Additionally, López Obrador named businessman Alfonso Romo as his chief strategist, and he has gone to great lengths to gain allies in the Mexican private sector in the hopes of avoiding the accusations of radicalism that hounded his previous campaigns. All of this has raised questions about López Obrador’s ideological stance— has he abandoned the left?

Prominent intellectuals within the Mexican left are divided in their evaluations of López Obrador. Roger Bartra, an esteemed sociologist at the National Autonomous University of Mexico who is widely considered an ideological figurehead of the Mexican left, told The Politic that he believed that “López Obrador has taken a spectacular turn to the right” and that “his program is, frankly, right-wing.” Of López Obrador’s alliance with the PES, Bartra said that “when the ambition for power crushes one’s most important convictions, I think we can talk about opportunism.”

On the other hand, Illades maintained that, “because the nucleus of [López Obrador]’s reflection is the social question,” —which he defined as issues of social justice and equity— “I recognize him as a leftist.” Of Morena’s coalition with the PES, Illades reasoned: “López Obrador has adopted a tactical stance, to win a conservative vote in order to one, win a majority, and two, break his electoral ceiling, especially in regions of the country where he had little presence [in 2006 and 2012].”

When his alliance with the PES was announced last December, López Obrador directly addressed claims that he was casting his progressive ideology aside: “there is no fundamental political or ideological difference in what I represent and what inspires [PES].”
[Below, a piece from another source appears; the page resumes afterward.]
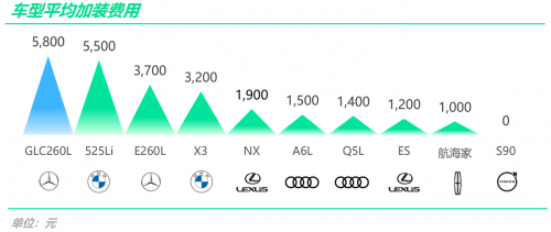 2. 奔馳、寶馬加裝費(fèi)用最高,沃爾沃最實(shí)在。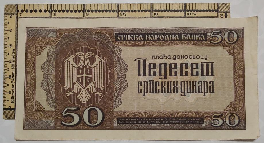 Bankovec za 50 Srpskih Dinara, 1942, Srpska Narodna Banka

López Obrador rejected the possibility of an electoral alliance with the PRD for 2018 last summer, on the grounds that “those who associate with the mafia of power are nothing more than mercenaries.” Since then, the PRD has formed another left-right coalition with the PAN, supporting Ricardo Anaya’s bid for the presidency. Although this coalition has endorsed some progressive policy proposals like a universal basic income, it is certainly not regarded as a left- wing option. Bartra and Illades agree on the reason for this— the PRD’s weakness following López Obrador’s exit.

“The PRD lost much of its strength because the entire populist wing led by López Obrador left. It became a very weak party. Compared to the PAN, which is a very big and strong party, the left is in a relatively marginal condition,” Bartra told The Politic.

“The PRD arrived already very broken [to its alliance with the PAN], in fact the PRD is almost a skeleton,” added Illades.

López Obrador’s approach has seemingly worked, as he now holds a greater lead in the polls than in either of his previous campaigns, less than a month away from the July 1 vote. According to Bloomberg’s Poll Tracker, 51% of registered Mexican voters intend to vote for López Obrador, followed by 25.4% for Anaya, 20.5% for the PRI’s José Antonio Meade ’97 (Ph.D), and 3.4% for independent Jaime Rodríguez. López Obrador has created a coalition that welcomes politicians and voters of all ideological walks of life, a far cry from his previous presidential campaigns. So broad is López Obrador’s coalition, it includes former members of what the candidate himself calls the “mafia of power,” like Manuel Bartlett and Esteban Moctezuma, both of whom were members of the PRI, served in the Cabinet of PRI-affiliated presidents, and now hold prominent positions within Morena.

“Something that I feared is happening, the restoration of the old PRI’s revolutionary nationalism,” observed Bartra, comparing López Obrador’s strategy to that of the PRI during its uninterrupted 71-year rule of Mexico during the twentieth century. “I am a leftist, reformist, social-democratically oriented person, and I regret that this option appears very diluted in the upcoming election,” he concluded.

Meanwhile, Illades remains optimistic: “it is very likely that López Obrador will win, and what the left must do is on the one hand try to pull López Obrador in the direction of a more radical and progressive left, and on the other to conduct a responsible criticism.”